##### The input

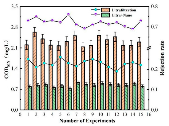 Removal efficiency of membrane combination process for CODMN in water quality.
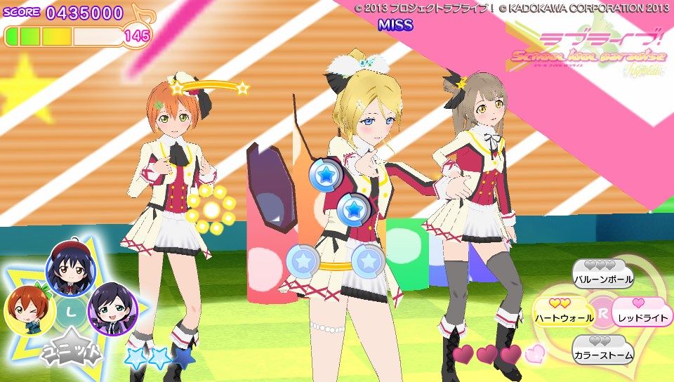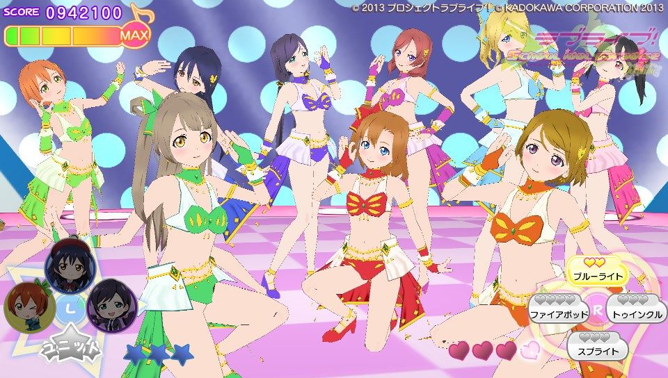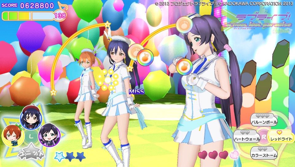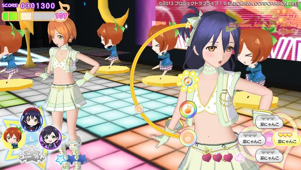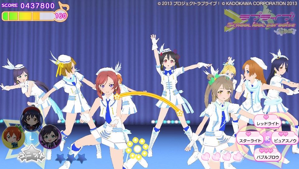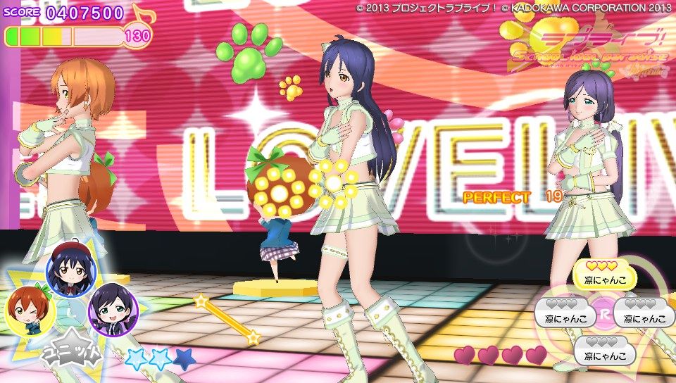 操作方法に関してはピンク色のハートノーツが○×△□ボタンと表タッチパネルの右半分、青色のスターノーツが十字キーと表タッチパネルの左半分。黄色の音符ノーツがハートノーツとスターノーツの同時押し。基本的な音ゲー要素としてはこのくらいです。難易度は通常と難しいの2種類しかないのでガッツリ音ゲーしたい人には物足りないかも。ノーツの種類も少ないし操作もスクフェスのように画面をタッチで行えるので、そこまで身構える必要は無いですね。ただ、大人数でのライブだとちょっとラグが出るかも?
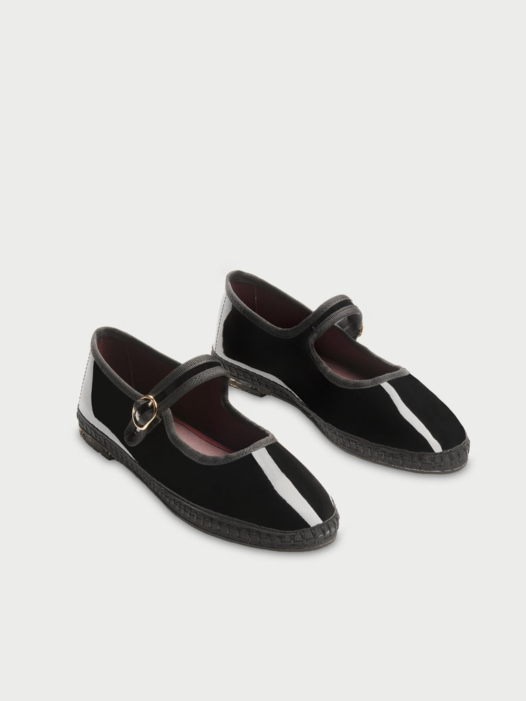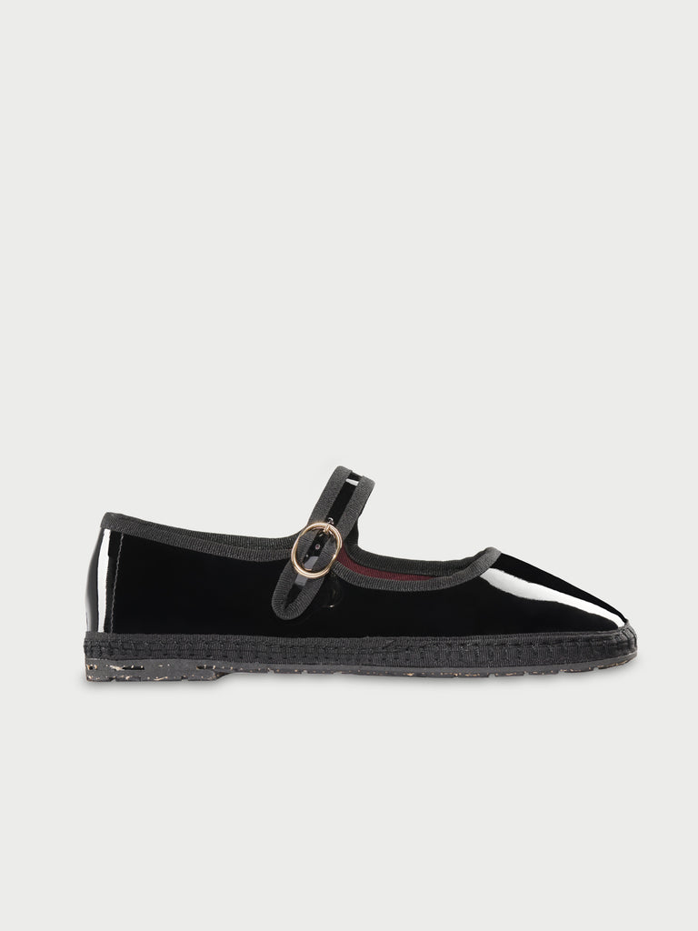 • Patent leather mary jane in black with black piping and buckle closure.
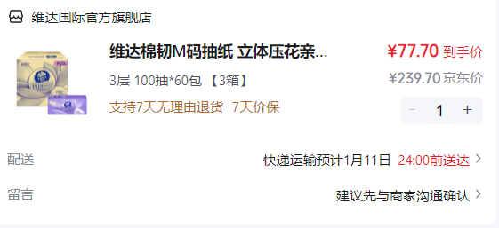 下单77元,到手60包M码抽纸
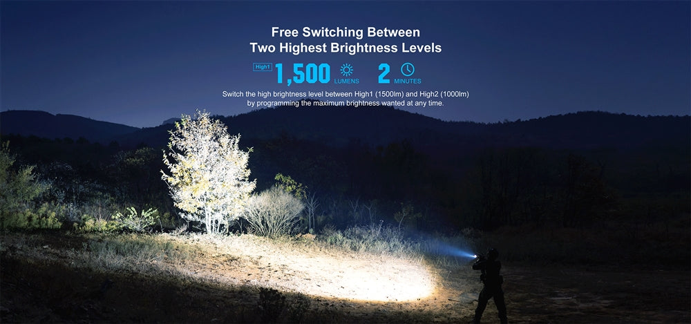 High1 | 1500 lumens⥊600 lumens⥊300 lumens | 2 + 36 + 8.5 minutes |
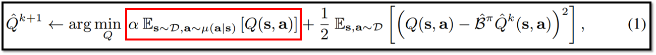 - 핵심 아이디어 : state-action 쌍인 µ(s,a)의 특정 distribution, 그 중에서 Dataset D에 없는 action도 포함하는 Q-function을 계산하는데, 이에 대한 Q-function 값을 최소화시킴 (수식 1의 빨간 박스 영역)
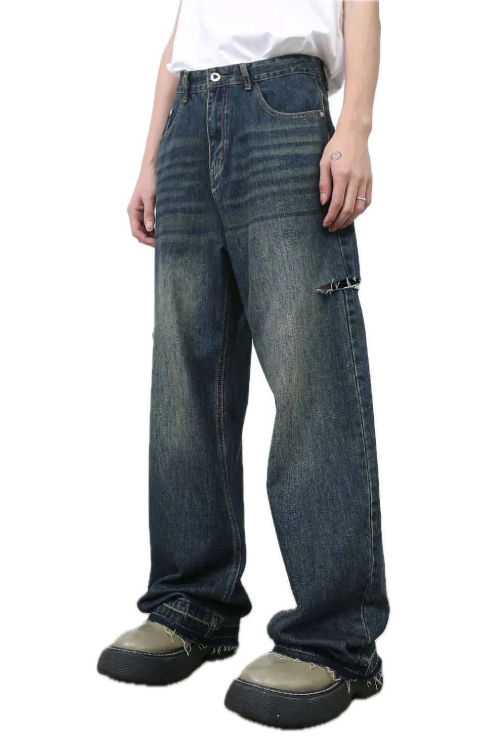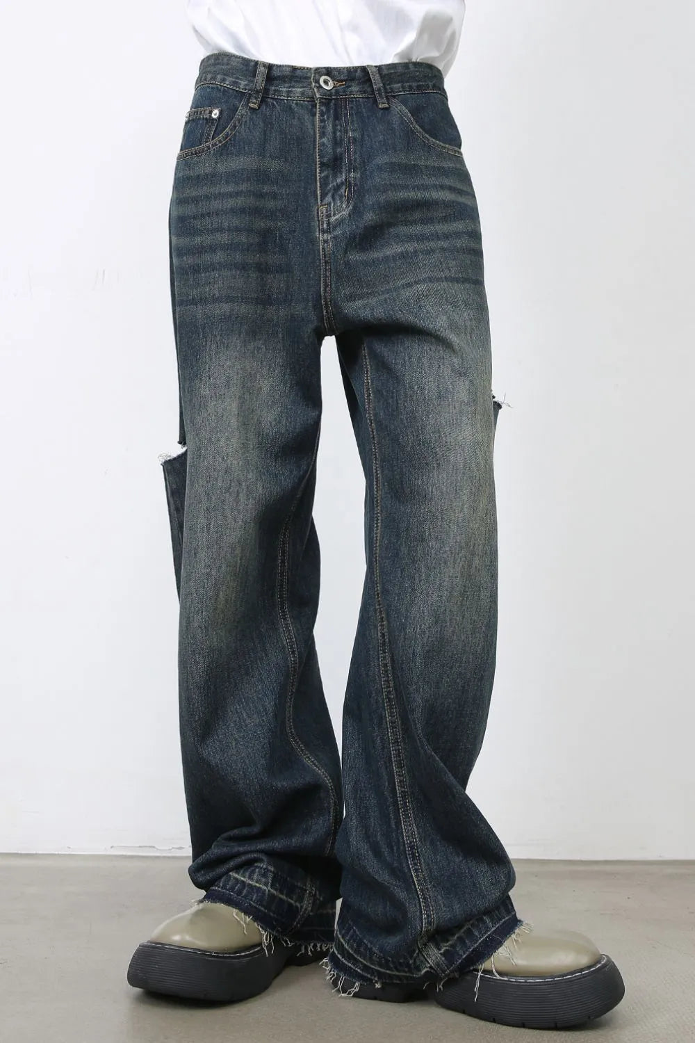 Mens Raw Hem Distressed Jeans with Pockets Modern Fit Casual Everyday Wear Durable Quality Cotton Blend Classic Denim
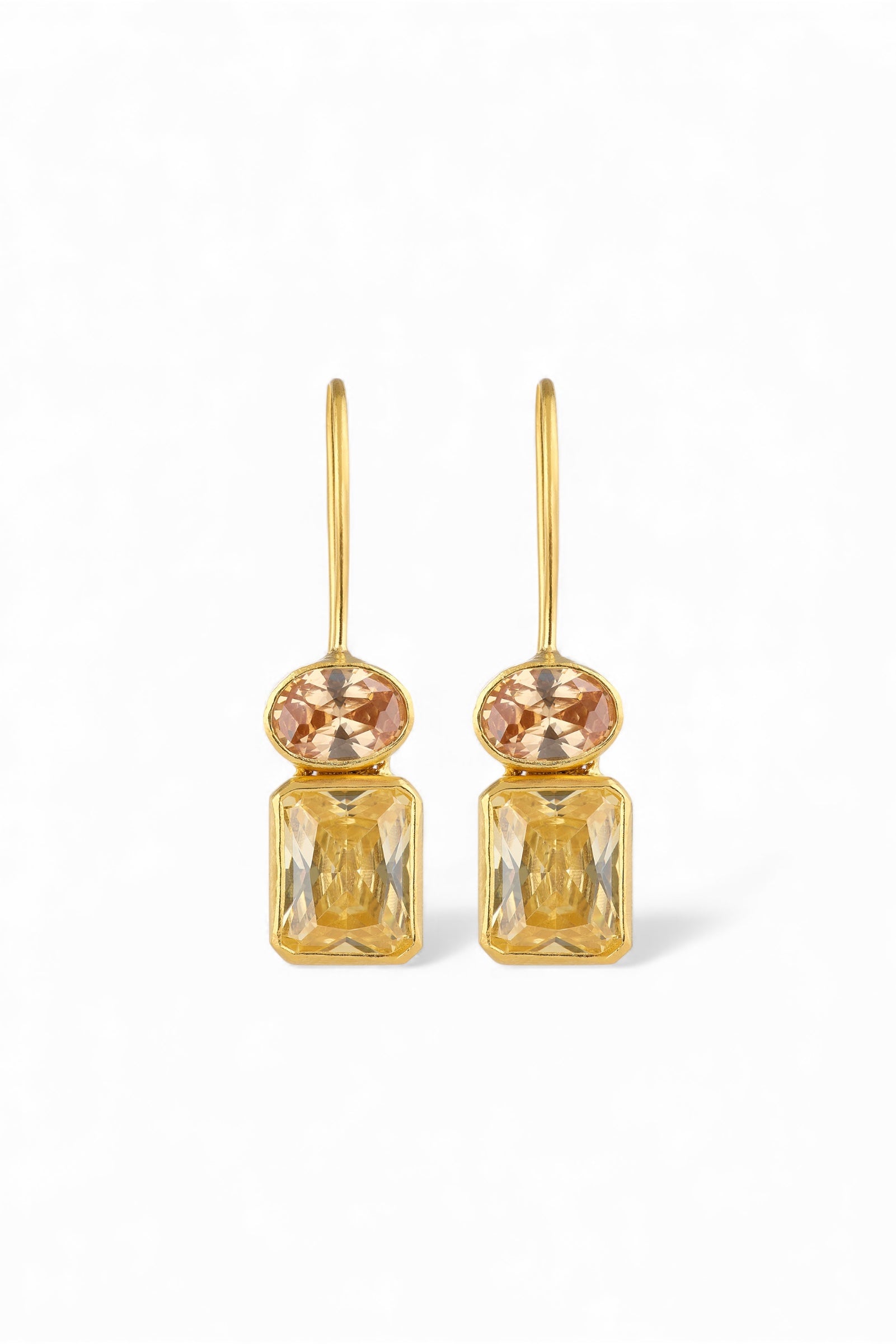 Tasarım ve Taş Detayları: Oval formda sarı zirkon taşlar ve yuvarlak formda şampanya tonlu zirkon taşlar, mikron kaplama bir çerçeve içinde tasarlanmıştır.

##########

## Exercise details
Please retype the lines from the one that contains "- 핵심 아이디어 : state-action" to the final line of the records, both included, exactly as written and without any pictures.

## Exercise response
 - 핵심 아이디어 : state-action 쌍인 µ(s,a)의 특정 distribution, 그 중에서 Dataset D에 없는 action도 포함하는 Q-function을 계산하는데, 이에 대한 Q-function 값을 최소화시킴 (수식 1의 빨간 박스 영역)
 Mens Raw Hem Distressed Jeans with Pockets Modern Fit Casual Everyday Wear Durable Quality Cotton Blend Classic Denim
 Tasarım ve Taş Detayları: Oval formda sarı zirkon taşlar ve yuvarlak formda şampanya tonlu zirkon taşlar, mikron kaplama bir çerçeve içinde tasarlanmıştır.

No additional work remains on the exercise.